In a commentary on the Kasparov.ru site yesterday, Aleksey Lapshin calls attention to this possibility by arguing that even now in Russia “a market is more than a market.” It is “a wave of life for hundreds of thousands if not millions of former citizens of the empire who fell from their accustomed social status” (www.kasparov.ru/material.php?id=4A6059CD153C2).
“Commercial markets in the form in which they existed in the 1990s were the result of the collapse of the state,” he argues. There were many bad things about them, but they made it possible for “a quite significant part of the population to survive in the most difficult conditions of the social-economic crisis.”
By the end of the 1990s and the beginning of this decade, however, “the relatively autonomous existence of commercial markets [like the Cherkizov] came into contradiction with the demands of the bureaucracy which was again gathering strength.” To survive, those involved in the market had to pay bribes.
“As a result, a unique vertical arose in which all the burden of these payments fell on the rank and file entrepreneurs,” Lapshin continues, and until recently, “the bureaucrats and the owners of the large markets lived in peace,” each making money off the people doing the buying and selling.
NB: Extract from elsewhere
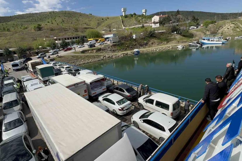 Elazığ-Pertek feribotunda metrelerce kuyruk oluştu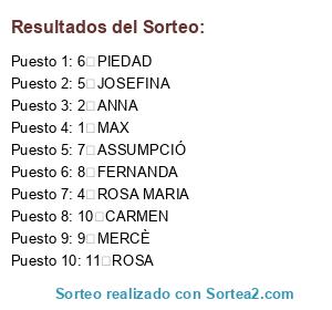 Lista de participantes: 1 MAX , 2 ANNA , 3 SANTI, 4 ROSA MARIA, 5 JOSEFINA, 6 PIEDAD , 7 ASSUMPCIÓ , 8 FERNANDA, 9 MERCÈ , 10 CARMEN, 11 ROSA , 12 MONTSERRAT.

But now times have changed, and the officials are closing the markets. Given Moscow Mayor Yuri Luzhkov’s denunciations of ethnic minorities, many assumed that the powers that be were doing so to deflect popular anger in the current economic crisis by expelling non-Russians whom many Russians blame for depressing wages or contributing to crime.
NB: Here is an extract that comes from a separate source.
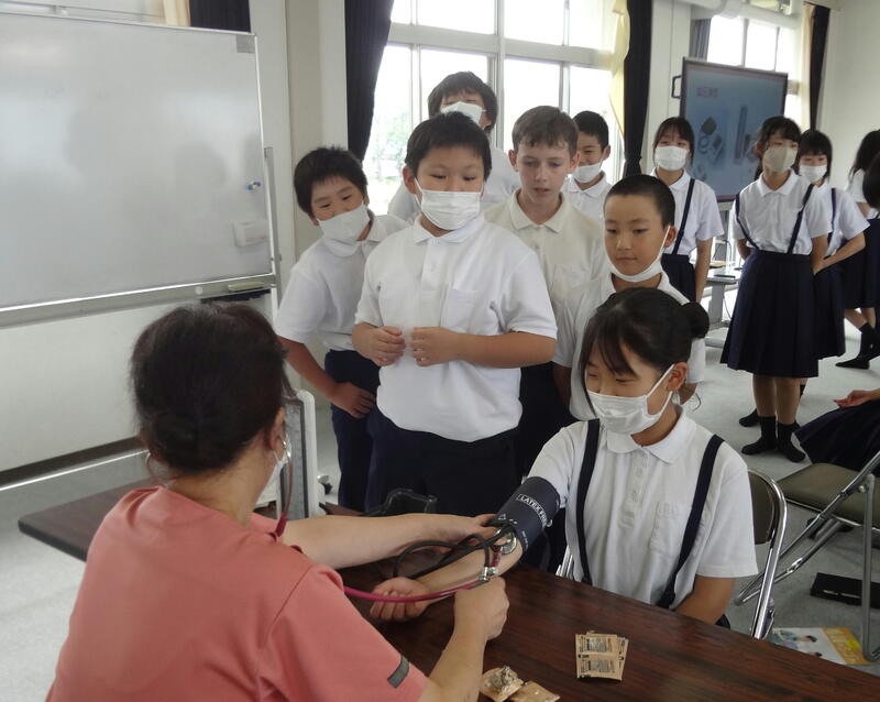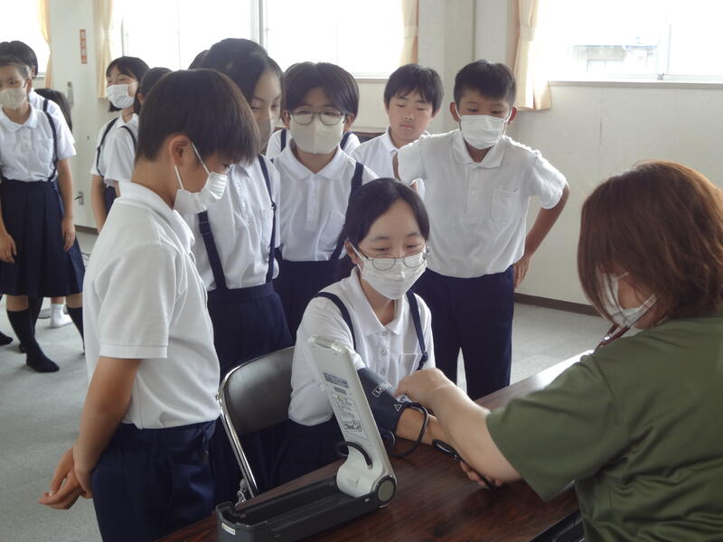 その後は、血圧測定の体験です。一人一人が血圧を測定してもらいました。

Lapshin, however, suggests that the real reason for the closure of the markets is to be found in the concerns of top officials about declines in the country’s light industry, declines some blame the markets for (www.vedomosti.ru/newspaper/article.shtml?2009/07/16/205360) and the desire of this elite to restore a government monopoly in this area.
“It is funny, of course, to hear that the traders are responsible for the problems of our light industry,” Lapshin notes, especially the suggestions that “’the damned shuttle traders’ are killing it.” But “such declarations [by senior Russian officials] are always picked up by the corresponding organs as a guide to action.”
And senior officials may have intended exactly that because the closing of the markets will help them “monopolize trade,” a desideratum as “the crisis deepens, and incomes fall. It is necessary to take some means or others to remove everything that interferes with the concentration of finances in the hands of selected groups.”
“The victims of this latest wave of monopolization will become the markets and consequently the representatives of small business. And thousands of workers will lose their jobs.” By playing on “xenophobic attitudes,” the authorities hope to deflect their anger, Lapshin says, but the fact is that “many citizens of Russia will lose their incomes.”
Some experts have estimated that the closure of the Cherkizov market alone will cost 100,000 jobs, but this campaign against the markets, because it represents “the latest effort of the powers that be to resolve their problems at the expense of the citizenry,” could have far more serious consequences than that for the country as a whole.
“In the 1990s,” he writes, “the powers that be were able to avoid a social explosion not the least because people had the chance to work in trade” in markets like Cherkizov, and they were able to acquire what they needed when they could not find it anywhere else. Now, however, they will have nowhere to turn but the streets.